第110話≪帝都女学院七不思議・2≫
新・ここは世田谷豪徳寺・12(さくら編)
≪帝都女学院七不思議・2≫
ビー玉の群れは、ゾロゾロと北門の坂道を転がっていった。
「「「「「ふっしぎー!!」」」」」
みんなが、一斉に声を上げた。七不思議の最初、北門の重力異常の撮影に取り掛かっている。
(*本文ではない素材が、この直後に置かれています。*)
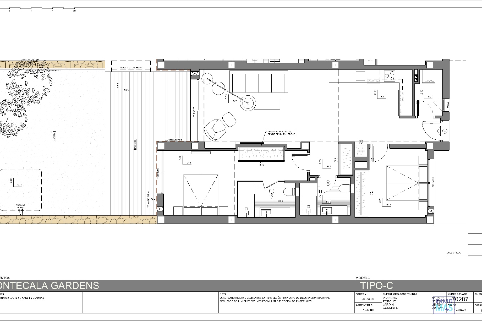 Brand new apartment with private garden in Montecala Gardens – Cumbre del SolYour new turnkey home between Jávea and MorairaWe present this exclusive brand new apartment with private garden, located in the modern Montecala Gardens residential complex, within the prestigious Cumbre del Sol urbanisation, in Benitachell (Alicante). An incomparable natural setting between Javea and Moraira, ideal for enjoying the authentic Mediterranean lifestyle. With a total built area of 143 m², this property stands out for its contemporary design, its great luminosity and the comfort of its high-quality finishes. The property comprises 91 m² of interior space, 23 m² of covered terrace, 29 m² of communal areas and a 36 m² private garden, perfect for relaxing, spending time with the family or installing a jacuzzi, for which the property already has full pre-installation. Modern and functional layoutThe apartment has been carefully designed to offer spacious, bright rooms that connect with the outside. The layout includes: Master bedroom with en-suite bathroom, dressing room and direct access to the terrace and garden.Double bedroom with built-in wardrobes.Full bathroom with shower.Separate laundry room.Kitchen open to the living-dining room, fully equipped with top brand appliances and an osmosis system for purified water.Spacious living-dining room with large windows that flood the space with natural light and connect to the covered terrace and private garden.Every detail has been designed to provide well-being, comfort and energy efficiency throughout the year. Premium fittings and finishesThis flat is delivered turnkey ready, fully finished and equipped with state-of-the-art materials and systems: Underfloor heating.Ducted air conditioning.Aerothermal system for air conditioning and domestic hot water.Mechanical ventilation system for continuous renewal of indoor air.Alarm system installed.Lift in the building, despite only having two floors, ensuring total accessibility.A home that combines technology, design and sustainability, designed for those looking for a modern, efficient property that is ready to enjoy from day one. Communal areas and residential environmentMontecala Gardens is part of the prestigious Pueblo Montecala complex and stands out for its extensive communal areas, designed for relaxation and outdoor living: Lagoon-style swimming pool, perfect for sunny days.Additional swimming pool for year-round use.Spacious solariums and landscaped terraces.Social club and communal areas.Protected natural environment, next to Cala Llebeig and the Portet de Moraira area.Strategic location with all amenities nearbyThe residential complex is perfectly connected to all essential amenities: 700 metres: direct access to Cala Llebeig.2 to 3 km: Moraig beach, Cala de los Tiestos and Adelfas shopping centre with Pepe La Sal supermarket, La Cumbre restaurant, pharmacy, hairdresser and more.4 to 5 km: Mercadona supermarket, Lady Elisabeth International School, riding school and sports centre with paddle tennis and tennis courts.6 to 7 km: Moraira town centre and Portet beach.13 km: Arenal de Jávea beach, ideal for walks, gastronomy and water sports.An exclusive opportunity on the northern Costa BlancaThis apartment represents a unique opportunity for those looking for a modern, efficient home with a private garden in one of the most sought-after residential areas on the northern Costa Blanca. If you would like more information or would like to visit the property, please contact us. We will be delighted to accompany you and show you everything this magnificent home has to offer. Summary of the Montecala Gardens Residential Area – Cumbre del SolMontecala Gardens is a modern and exclusive apartment complex within the Pueblo Montecala residential area, in the Cumbre del Sol development. It is characterised by its contemporary architecture, its high-quality communal areas and its location in a protected natural environment, with views of the valley and the sea. Residents enjoy lagoon-style swimming pools, landscaped solariums, a social club and direct access to natural coves such as Llebeig and Morach. Furthermore, its proximity to amenities, international schools and urban centres makes it one of the most attractive places to live or invest on the northern Costa Blanca.

どう見ても北門の位置が低く、校舎側が高くなっているように見える。だのにビー玉の群れは、北門から校舎に向かって転がっていく。なんか遊園地のトリックハウスのようだ。
「これは、トリックハウスの原理よ!」
理系の成績トップの松坂莉乃が指を立てる。
「いいこと、このアプローチの道幅、校舎側の方が細くできているの。他にも植木の高さを意図的に刈り込んで、校舎側が高く見えるようにしてあるのよ。このアプローチも微妙に曲がってるじゃん。そのへんにも秘密があると思う」
「あたし試してみるで」
バレー部の名セッターの山口里奈が大阪弁で名乗りを上げる。
最初にバレーボールを転がした。数秒じっとしていたボールは、ゆっくりと、坂道を登って行った。
「やっぱり……」
「体で試してみる」
横になって転がるのかと思ったら、バレーボールをトスしながら、坂道を登って行った。
「どう?」
米井さんが、坂の上の里奈に声を掛けた。
「不思議やなあ……感覚的には、こっちの方が高い」
みんなは、当惑顔で、顔を見合わせた。
里奈は練習中に体育館の床の傾きを感知し、顧問を通じて学校に申し入れたことがある。
測量の結果、0・3度床全体が中央に向けて傾斜していることが分かった。残念ながら体育館は七不思議ではなかった。単に老朽化で床が沈み込んでいるに過ぎない。
ただ、この傾きでは公式戦などはできなく、バレー部のみんなは密かに喜んだ。欠陥のある会場で公式戦はできない。つまり帝都は当分公式戦の会場になることはなく、試合会場の準備や後片付けをしなくても済むからである。
「ま、こんなこともあろうかと、専門家呼んでるの」
「え、そうなの?」
「だったら最初から、専門家の人にやってもらったらよかったのに」
「演出よ、演出。まずみんなで試して驚いておく。ここまで撮ってあるわよね」
「うん、ばっちり」
写真部のオソノがスマホを示した。
「やあ、遅くなってごめん」
北館の校舎の陰から、二人のオッサンを従えて佐伯君(ほら、チェーンメールで騒ぎになった米井さんの双子の兄貴。でも彼って病気のはず。大丈夫かなあ)が乃木坂の制服で現れた。
「佐伯君のお父さんのコネで、測量技師の人にきてもらったの。よろしくお願いします」
「いや、持ち場の仕事が終わったとこなんで、大丈夫ですよ。じゃ、四ノ宮クンかかろうか」
四ノ宮……あたしは、その名前にビビッときた。黄色のヘルメットの下の顔は豪徳寺の水道工事のガードマンのニイチャンだった!
「こういう現場は時々あるんですよ。ま、視覚的な勘違いがほとんどですけどね」
測量技師のオジサンが準備をしながら呟き、莉乃が「どんなもんだ」という顔をする。
オジサンはトランジットという三脚付の測量機械を出し、四ノ宮君は測量用の物差しの化け物みたいなの持って、4か所ほど立った。
「測量したかぎり、校舎側の方が3度、高さで30センチほど高くなってます」
「えー!?」
「よかったら、ボクが説明するよ」
ヘルメットを脱ぎながら、四ノ宮青年が言ったので、あたしたちは驚いた……。